┌──

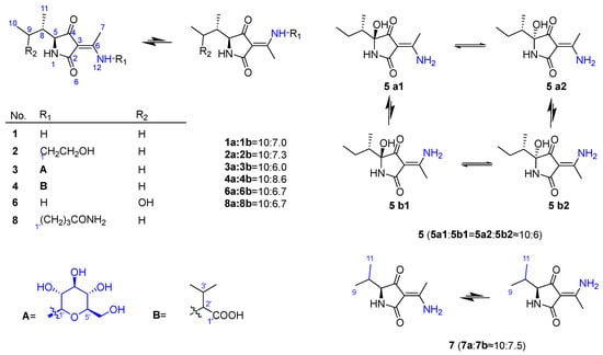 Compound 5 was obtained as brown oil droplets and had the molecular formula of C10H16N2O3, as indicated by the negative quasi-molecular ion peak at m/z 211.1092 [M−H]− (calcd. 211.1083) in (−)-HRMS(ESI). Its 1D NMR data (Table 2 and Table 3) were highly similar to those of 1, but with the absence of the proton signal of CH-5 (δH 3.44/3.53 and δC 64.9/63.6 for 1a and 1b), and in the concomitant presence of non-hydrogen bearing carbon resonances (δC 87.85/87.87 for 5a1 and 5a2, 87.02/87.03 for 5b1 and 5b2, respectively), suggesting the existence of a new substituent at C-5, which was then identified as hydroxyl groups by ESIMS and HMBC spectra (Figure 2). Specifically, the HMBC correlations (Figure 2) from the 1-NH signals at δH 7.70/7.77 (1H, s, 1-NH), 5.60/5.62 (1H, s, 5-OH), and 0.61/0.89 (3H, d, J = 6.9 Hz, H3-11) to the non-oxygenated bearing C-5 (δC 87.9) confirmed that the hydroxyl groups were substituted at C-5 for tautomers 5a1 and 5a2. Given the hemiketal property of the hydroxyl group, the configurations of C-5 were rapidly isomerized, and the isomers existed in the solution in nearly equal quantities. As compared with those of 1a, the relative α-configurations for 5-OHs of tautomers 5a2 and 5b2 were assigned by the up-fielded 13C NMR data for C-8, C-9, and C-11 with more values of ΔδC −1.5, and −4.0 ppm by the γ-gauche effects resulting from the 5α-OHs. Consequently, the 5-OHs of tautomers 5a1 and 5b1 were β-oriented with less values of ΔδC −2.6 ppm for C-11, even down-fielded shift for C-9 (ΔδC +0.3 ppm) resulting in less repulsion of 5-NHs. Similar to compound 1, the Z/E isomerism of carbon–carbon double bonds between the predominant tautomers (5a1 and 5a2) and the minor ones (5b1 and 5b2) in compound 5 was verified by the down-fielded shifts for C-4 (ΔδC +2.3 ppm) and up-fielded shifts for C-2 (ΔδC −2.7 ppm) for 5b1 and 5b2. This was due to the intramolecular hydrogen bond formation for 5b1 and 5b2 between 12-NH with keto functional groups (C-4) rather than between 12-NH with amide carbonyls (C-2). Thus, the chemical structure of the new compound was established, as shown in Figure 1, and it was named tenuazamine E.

└──
┌──

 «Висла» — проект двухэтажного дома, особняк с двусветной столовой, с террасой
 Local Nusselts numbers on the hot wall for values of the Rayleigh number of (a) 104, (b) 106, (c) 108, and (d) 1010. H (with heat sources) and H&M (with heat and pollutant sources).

└──
┌──

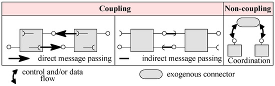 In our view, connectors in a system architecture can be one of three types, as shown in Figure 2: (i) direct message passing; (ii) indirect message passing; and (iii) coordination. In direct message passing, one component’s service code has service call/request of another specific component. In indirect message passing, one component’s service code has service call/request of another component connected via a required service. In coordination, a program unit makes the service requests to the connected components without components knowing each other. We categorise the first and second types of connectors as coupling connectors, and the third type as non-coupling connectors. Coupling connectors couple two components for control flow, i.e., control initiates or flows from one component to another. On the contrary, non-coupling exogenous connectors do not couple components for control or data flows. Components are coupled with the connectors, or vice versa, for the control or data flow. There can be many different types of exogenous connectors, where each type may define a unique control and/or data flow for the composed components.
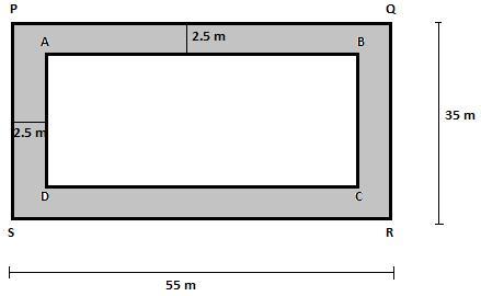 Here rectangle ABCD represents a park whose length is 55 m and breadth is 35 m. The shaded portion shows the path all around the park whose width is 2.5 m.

└──

Problem details:
In the material above, transcribe exactly the lines beginning at the one with "столовой, с террасой" and ending at the one with "Local Nusselts numbers", both included.

Exercise answer:
 «Висла» — проект двухэтажного дома, особняк с двусветной столовой, с террасой
 Local Nusselts numbers on the hot wall for values of the Rayleigh number of (a) 104, (b) 106, (c) 108, and (d) 1010. H (with heat sources) and H&M (with heat and pollutant sources).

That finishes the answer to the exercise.